Tom Weller, left, and Ben Hedley of Groundworks Coffee, Hitchin. Credit: JAF Milligan

Tom Weller, left, and Ben Hedley of Groundworks Coffee, Hitchin. Credit: JAF Milligan - Credit: Archant

If you’re just 23 and planning to go into business with an old school friend, why wouldn’t you go head to head against one of the biggest global brands in your chosen field? Come on, boys, wake up and smell the coffee...

Groundworks Coffee, Hitchin. Credit: JAF Milligan.

Groundworks Coffee, Hitchin. Credit: JAF Milligan. - Credit: Archant

But as Hitchin’s Groundworks coffee house heads towards its first birthday, partners Tom Weller and Ben Hedley have no regrets about opening up just a stone’s throw away from Starbucks in a town centre that’s awash with places to bag a brew and a bite to eat.

They’re confident that their cool modern venue and quality coffee help them stand out from the crowd, and they’re passionate about continuing their success story.

Coffee is at the core of what they do, but Ben is a comparatively recent convert to the cause.

He said: “I absolutely hated coffee until a couple of years ago.

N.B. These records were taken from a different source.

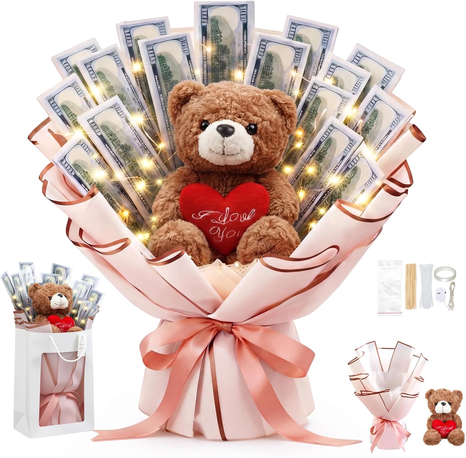 - Valentine's Mother's Day Money Flower Bouquet: you will get 1 cute bear holding a love heart, 1 semi-finished bouquet packaging box, 50 self-adhesive bags for cash, 1 string of decorative lights, 50 bamboo sticks, 20 zip ties, 1 roll of transparent tape, 1 white gift bag, and 1 instruction manual; Note: requires self-assembly; Fresh flowers are not included
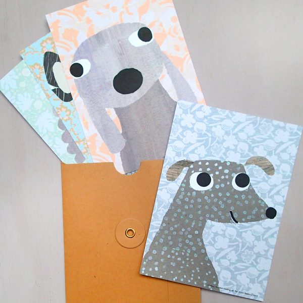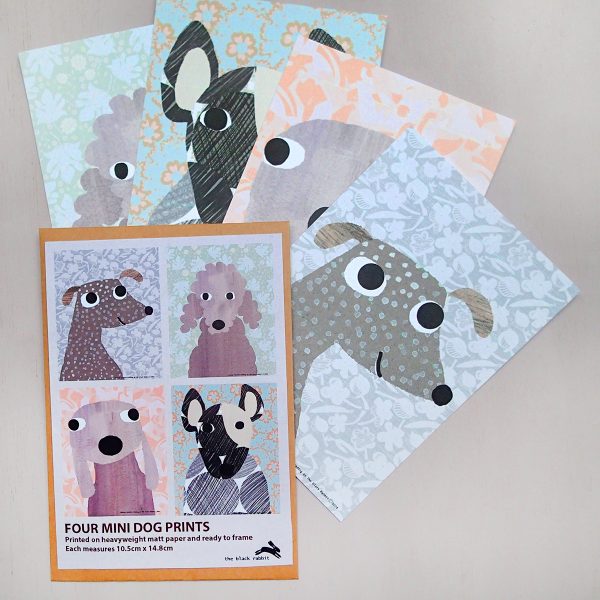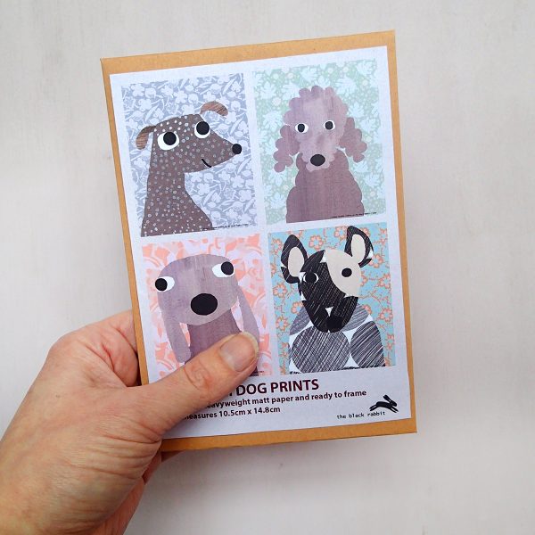 A pack of four prints of friendly dogs from original artwork by Lindsay Marsden, printed on lovely heavyweight recycled paper. The pooches are surrounded by beautiful floral patterns that will look great in your home. They make a brilliantly postable gift.
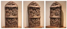 | Description / विवरण | Finely carved Viragal of Hero stone commemorating the death of hero in a navale battel. The hero is shown as rising from the ground or water and charging the enemy on a vesssel with a dagger, and the latter is charging the former with spear. The upper panel depictes the heros enthronement in heavn, flanked by a mob of apsaras two of them are holding a parasol over his head and two flanking apsaras on either side of him are fanning him with chamaras fly whisks |
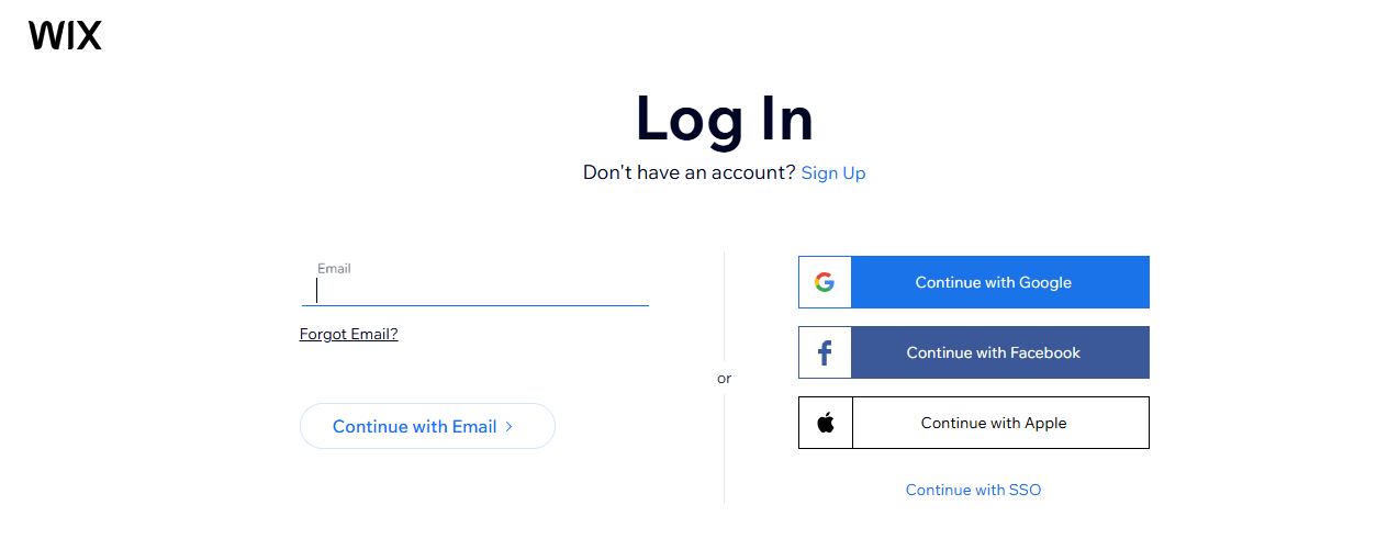 Setting up your account is pretty simple. Click “Get Started” on the homepage and sign in to your Wix account using your email and password.
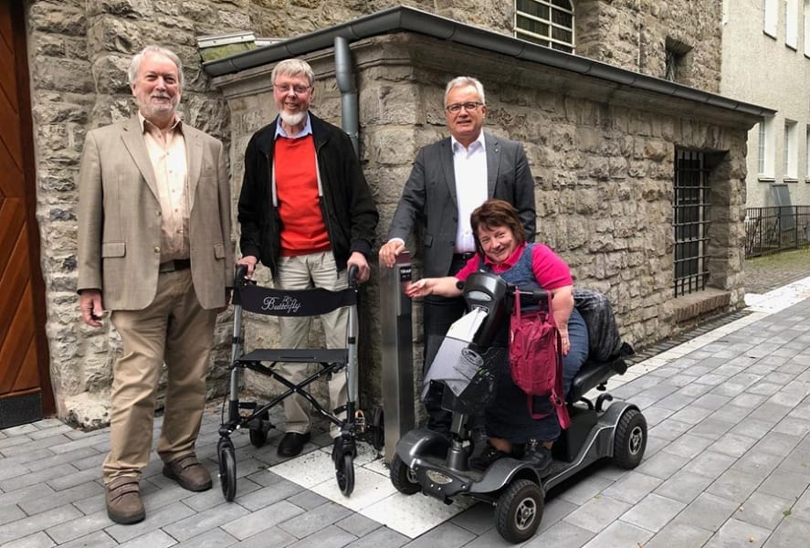 Eine neu angelegte Tür auf der Rückseite des Rathauses kann von außen und innen per Knopfdruck geöffnet werden. „Die Kosten für den Umbau des Platzes neben dem Rathaus belaufen sich auf circa 130.000 Euro“, gibt Co-Dezernent Bernd Martmann an. Etwa 40 Prozent der Summe ist in den Umbau des barrierearmen Weges zur Rückseite des Rathauses geflossen, ohne den der Platz nicht umgebaut worden wäre.

My experiences in chain outlets led me to believe that all coffee was bitter and something I would only begin to appreciate with a receding hairline.

“I was determined to see what all the fuss was about, so I booked myself on a coffee forage and ended up absolutely loving the stuff.

“The best coffee I’ve ever had was at Flat White in Soho, London. I never knew coffee could taste that good, and I still don’t think a lot of people do either.”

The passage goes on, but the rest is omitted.